Counting objects: 100% (9354/9354), done.
Delta compression using up to 8 threads
Compressing objects: 100% (3694/3694), done.
Writing objects: 100% (9354/9354), done.
Total 9354 (delta 4085), reused 9354 (delta 4085), pack-reused 0
Completely finished after 0.55 seconds.
# List files with escape \ to check result:
git log --format="reference" --name-status --diff-filter=A '*\\*'
# "systemd/system/default.target.wants/snap-git\\x2dfilter\\x2drepo-7.mount"
# "systemd/system/multi-user.target.wants/snap-git\\x2dfilter\\x2drepo-7.mount"
# "systemd/system/snap-git\\x2dfilter\\x2drepo-7.mount"

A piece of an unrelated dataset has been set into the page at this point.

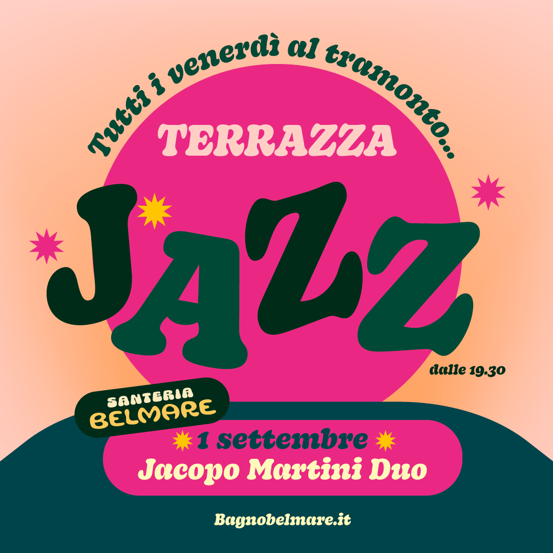 L’appuntamento fisso del venerdì è in Terrazza per una serata all’insegna del jazz. Ogni settimana una band diversa che accompagnerà l’aperitivo della golden hour a Santeria Belmare.

# Unfortunately it seems filter-repo was executed, but log still lists filenames with escape \ :-(
Question:
1) How to remove all files from Git repo history with path having at least one escape \ character in filename?
(reason: it is not possible to checkout those files on Windows, which have incompatible characters in the filename)
UPDATE1:
Tried to replace \\x2d
string to - in input file list as suggested, but git history remove was still unsuccessful:
# List the files with escape \ from repo history into a list file:
git log --all --name-only -m --pretty= '*\\*' | sort -u >/opt/git_repo_files_w_escape.txt
# Replace \\x2d string to - in git_repo_files_w_escape.txt:
sed -i 's/\\\\x2d/-/g' /opt/git_repo_files_w_escape.txt
# Remove the listed files from repo history:
git filter-repo --invert-paths --paths-from-file /opt/git_repo_files_w_escape.txt
Parsed 592 commits
New history written in 0.25 seconds; now repacking/cleaning...
Repacking your repo and cleaning out old unneeded objects
HEAD is now at 71128f3 .gitignore: ADD snap-git to be ignored
Enumerating objects: 9354, done.
Counting objects: 100% (9354/9354), done.
Delta compression using up to 8 threads
Compressing objects: 100% (3694/3694), done.
Writing objects: 100% (9354/9354), done.
Total 9354 (delta 4085), reused 9354 (delta 4085), pack-reused 0
Completely finished after 0.55 seconds.
# List files with escape \ to check result:
git log --format="reference" --name-status --diff-filter=A '*\\*'
# "systemd/system/default.target.wants/snap-git\\x2dfilter\\x2drepo-7.mount"
# "systemd/system/multi-user.target.wants/snap-git\\x2dfilter\\x2drepo-7.mount"
# "systemd/system/snap-git\\x2dfilter\\x2drepo-7.mount"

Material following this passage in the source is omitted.